Spaceman of Bohemia

Home > Other > Spaceman of Bohemia > Page 18
Spaceman of Bohemia Page 18

by Jaroslav Kalfar


  … so as a great personal friend of Jakub’s, I feel deep sorrow in my every cell, and consider it a small but significant consolation that he expired without pain, fulfilling a lifelong dream…

  Without pain. A barefaced lie.

  The service will be held at the Prague Castle, and the nation is invited to join the procession that will travel to a service organized in the St. Vitus Cathedral, and conclude outside the castle walls, where vendors will provide free food and beverages to celebrate Jakub’s life. Arrive early, as the event is expected to become one of the biggest mass gatherings…

  … and to go against what I set out to do earlier, I would like, once again, to return to Jakub Procházka the Hero, and remind us all of the famous words of a poet who captured the meaning of the Chopra mission: “With JanHus1 lie our hopes of new sovereignty and prosperity, for we now belong among the explorers of the universe, the guardians of the frontier. We look away from our past…”

  I handed the tablet over.

  “You want to see pictures of funeral?” she asked.
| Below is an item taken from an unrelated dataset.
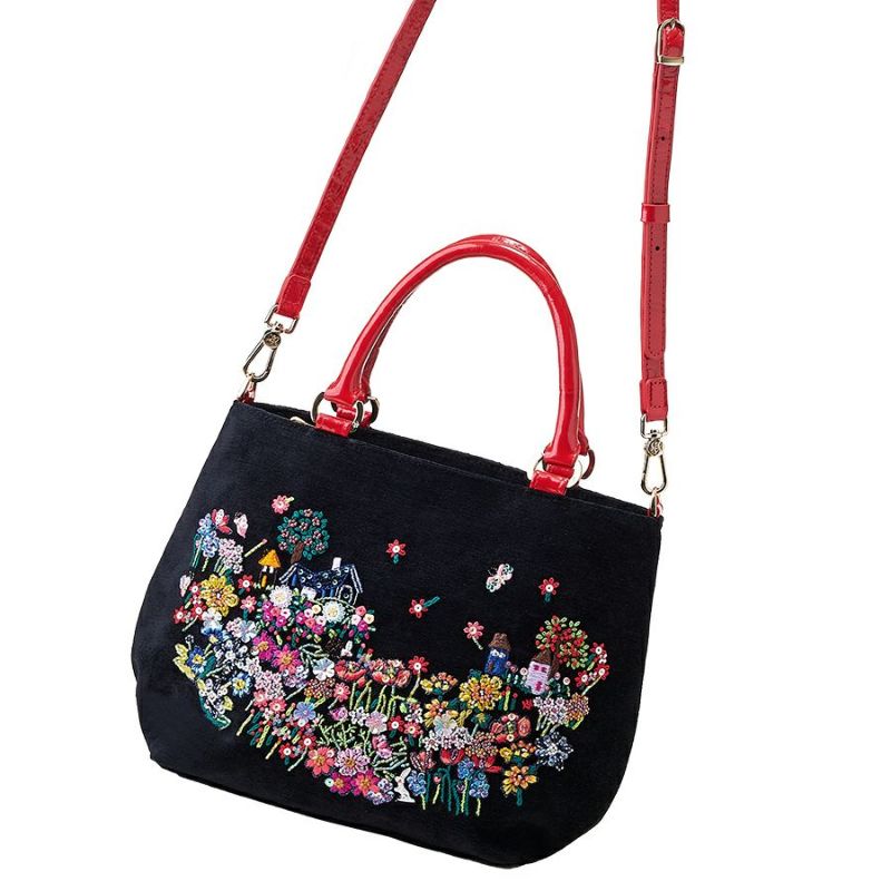 ハンドルとショルダーストラップは、刺繍に合わせたレッドのエナメル加工を施した艶やかな型押しレザーで、エスプリを効かせて。

  No. Maybe later. How long has it been?

  “A week. They are building statue. There are many candles still in this square, and pictures of you. Paintings.”

  What is your name?

  “Klara. Your fever is coming down. We fear superbacteria. That is why there is quarantine. But you seem better.”

  Yes. Better. Why are you here?

  She studied something on my forehead. The silence felt long, even excruciating.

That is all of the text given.